If a line segment joining two points subtends equal angles at two other points lying on the same side of the line segment then the four points lie on a circle (i.e., they are concyclic).
Given: AB is a line segment, which subtends equal angles at two points C and D i.e, ∠ACB = ∠ADB.
To Prove: The points A, B, C and D lie on a circle.
Proof:
Let us draw a circle through the points A, C and B. Suppose it does not pass through the point D.
Then it will intersect AD (or extended AD) at a point, say E (or E’). If points A, C, E and B lie on a circle.
∠ACB = ∠AEB [∵ Angles in the same segment of circle are equal]
But it is given that, ∠ACB = ∠ADB
Therefore, ∠AEB = ∠ADB
This is possibleonly when Ecoincides with D.
[As otherwise ∠AEB > ∠ADB]
Similarly, E’ should also coincide with D.

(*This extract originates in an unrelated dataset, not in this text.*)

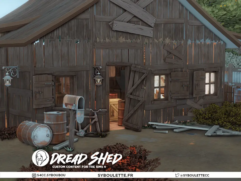 Dread Shed is a cc set made to build the perfect abandoned (or haunted 👻) hideout for your Sims. Whether it’s a forgotten wooden cabin, a rusty metal-sheet warehouse, or a crumbling old shed, this pack is all about worn-out, eerie details. Expect weathered wood, rusty metal, shattered glass windows, and crooked doors—some barely hanging on their hinges.

So A, B, C and D are concyclic.
Hence, proved.
Cyclic Quadrilateral
A quadrilateral ABCD is called cyclic if all the four vertices of it lie on a circle.
Theorem 6.
The sum of either pair of opposite angles of a cyclic quadrilateral is 180°.
Given: A cyclic quadrilateral ABCD.
To Prove: ∠A + ∠C = ∠B + ∠D = 180°
Construction: Join AC and BD.
Proof:
∠ACB = ∠ADB [Angles in the same segment]
And ∠BAC = ∠BDC [Angles in the same segment]
∴ ∠ACB + ∠BAC = ∠ADB + ∠BDC
= ∠ADC.
Adding ∠ABC to both sides, we get
∠ACB + ∠BAC + ∠ABC = ∠ADC + ∠ABC
The left side being the sum of three angles of AABC is equal to 180°.
∴ ∠ADC + ∠ABC = 180°
i.e, ∠D + ∠B = 180°
∴ ∠A + ∠C = 360° – (∠B + ∠D) = 180°
[∵ ∠A + ∠B + ∠C + ∠D = 360°]
Hence, proved.
Corollary: If the sum of a pair of opposite angles of a quadrilateral is 180°, then quadrilateral is cyclic.